Демид нетерпеливо мотает головой.

– Это исключено. Девочка слишком маленькая, она примерно на полгода, если не на год, младше Майи. Мои люди проверили всех... – он запинается, опуская циничное «всех моих женщин», и исправляется, – все варианты. Я уверен, что ее отец кто-то из братьев, просто биоматериал был собран некорректно.

– Зачем она тебе? – спрашиваю тихо, чтобы Демид не заметил, как у меня дрожит голос.

– Что значит, зачем? – мой вопрос явно вводит его в ступор.

– Зачем ты ищешь эту девочку? – в носу щиплет от подступающих слез, но я героически держусь.

– Арина, ты правда не понимаешь? – Демид раздраженно взмахивает рукой. – Этот ребёнок относится к нашей семье. Какая-то сука скрыла девочку, а потом начнет шантажировать моего брата. Ты не знаешь, но мы уже это проходили, я больше не могу такого допустить. Я должен ее найти, чтобы все выяснить и чтобы вернуть ребенка в семью.

– Ты хочешь забрать ее у матери? – уточняю, Демид кривится.

– Ну нет, конечно. Что за бред. Но отец имеет право знать, что у него есть ещё одна дочь, – задумывается и поправляется. – Или просто есть.
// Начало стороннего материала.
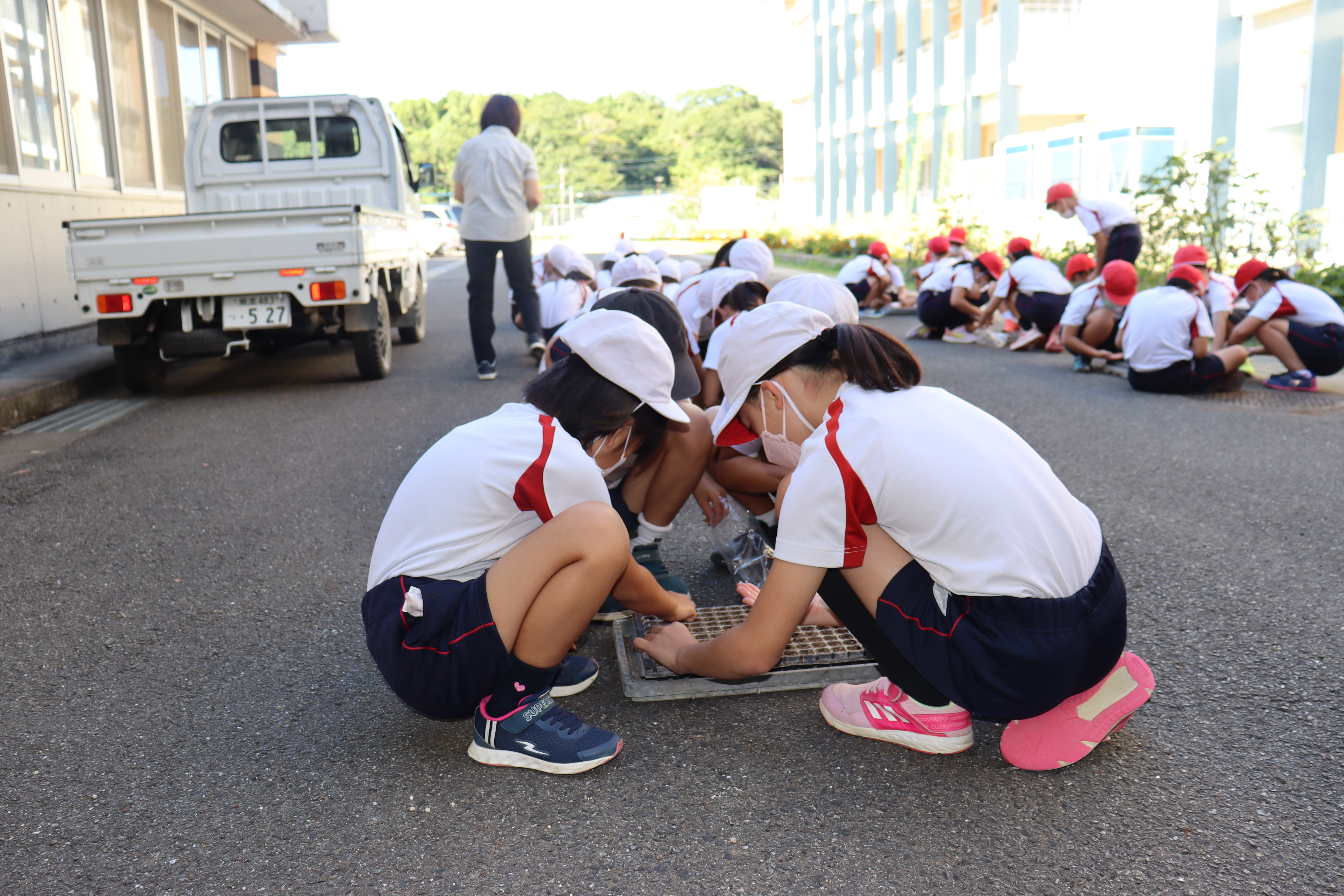 JA本渡五和のレタス部長を務める小田豊さんが9月15日に、五和小学校の校内で3年生40人にレタスの種蒔き体験を実施しました。

Он достает ещё одно фото и кладет передо мной, а я призываю все силы, чтобы себя не выдать, потому что с фото на меня смотрит мама.

Здесь она молодая. Я даже знаю, когда оно было сделано. Мне было тринадцать лет, в пансионе устраивали ежегодный Рождественский благотворительный концерт. Отец не разрешал маме меня навещать, не верил, что она больше не пьет.

И мама приехала тайно. Она очень хотела на меня посмотреть, и когда узнала, что концерт для всех желающих, пришла. Но мне на глаза не показывалась, ей было очень стыдно. Не хотелось бередить мне душу.

Мама рассказала об этом уже когда я выросла, и вот теперь я вживую вижу ее на этом празднике.

– Посмотри, ты случайно не узнаешь эту женщину? Это Рождество в вашей школе, может ты помнишь? Ты же была взрослой. Может ты ее где-то видела?

Поднимаю голову, вглядываюсь Демиду в глаза. Он прямой и бескомпромиссный, как и был. Ему можно задавать вопросы только если хочешь услышать правду. И к этой правде нужно быть готовой.

– Почему ты ищешь эту девочку, Демид, если она дочь кого-то из твоих братьев?

Он тоже зацепляется взглядом, и мы некоторое время гипнотизируем друг друга словно пытаемся разгадать, что у другого на уме.

– Потому что я не хочу, чтобы их семьи пострадали, – наконец отвечает он. – Моим братьям повезло, у них хорошие жены. И я не могу допустить, чтобы какая-то дрянь нами манипулировала.

Неправильный ответ, Демид Ольшанский.

Ты ни слова не сказал о маленькой девочке, которой неосторожные действия и поступки могут причинить вред. Твоей семье на неё наплевать. И тебе, и твоим братьям.

А ведь я почти готова была признаться...

– Я не знаю эту женщину, Демид. Я никогда ее не видела. Извини, тебе пора, – беру в руки телефон, и через секунду за спиной Ольшанского вырастают две тени.

– Демид Александрович, можно мы вас проводим?

Он пристально вглядывается в меня, ничего не говорит, только кивает охранникам:

– Можно. Только я сам дойду, – разворачивается и так же стремительно идет к выходу.